Spirit Airlines has filed for bankruptcy protection for the second time in less than a year, announcing Friday it’s entering another Chapter 11 process while assuring customers and employees that operations will continue.
Flights will still operate, tickets and loyalty rewards remain valid, and staff will continue to be paid during the restructuring, according to the budget airline.
CEO Dave Davis said this second filing is necessary to go further than the initial reorganization completed in March. “It has become clear that there is much more work to be done and many more tools are available to best position Spirit for the future,” Davis said.
Spirit’s parent company recently raised red flags about its financial health, citing “substantial doubt” about its ability to stay afloat over the next year. The airline has faced ongoing challenges, including soft demand for domestic leisure travel, higher operating costs, and continued uncertainties.
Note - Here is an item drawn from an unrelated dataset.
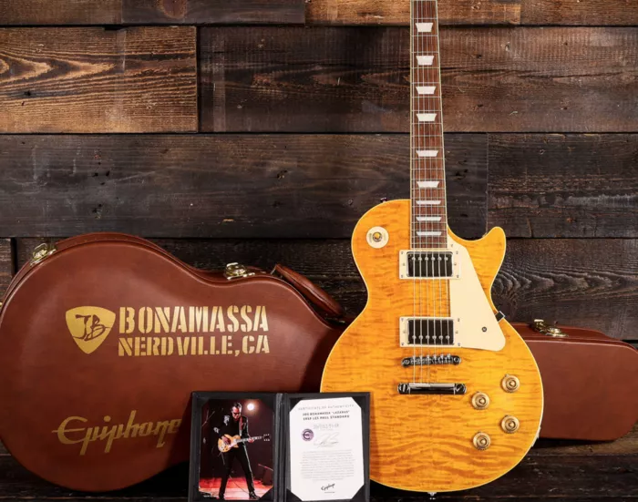 Quoi, Joe Bonamassa et Gibson-Epiphone sortent encore une nouvelle Les Paul ? Et oui, et pas n'importe laquelle puisqu'il s'agit de Lazarus, une authentique Les Paul de 1959 que Bonamassa et ses amis luthiers ont restauré pour en dévoiler la personnalité qui était bien cachée sous une finition rouge Cherry. C'est au catalogue Epiphone qu'elle débarque…

After emerging from bankruptcy earlier this year, Spirit secured new financing and restructured some debt. However, in July, the company announced pilot furloughs and captain downgrades planned for October and November to align with its future flight schedule.
To stay afloat, Spirit may sell aircraft and real estate as part of its latest restructuring efforts. Despite its younger fleet and past interest from potential buyers like JetBlue and Frontier, no takeover deal has materialized.
Spirit currently serves 88 destinations across the U.S., Latin America, and the Caribbean with over 5,000 flights.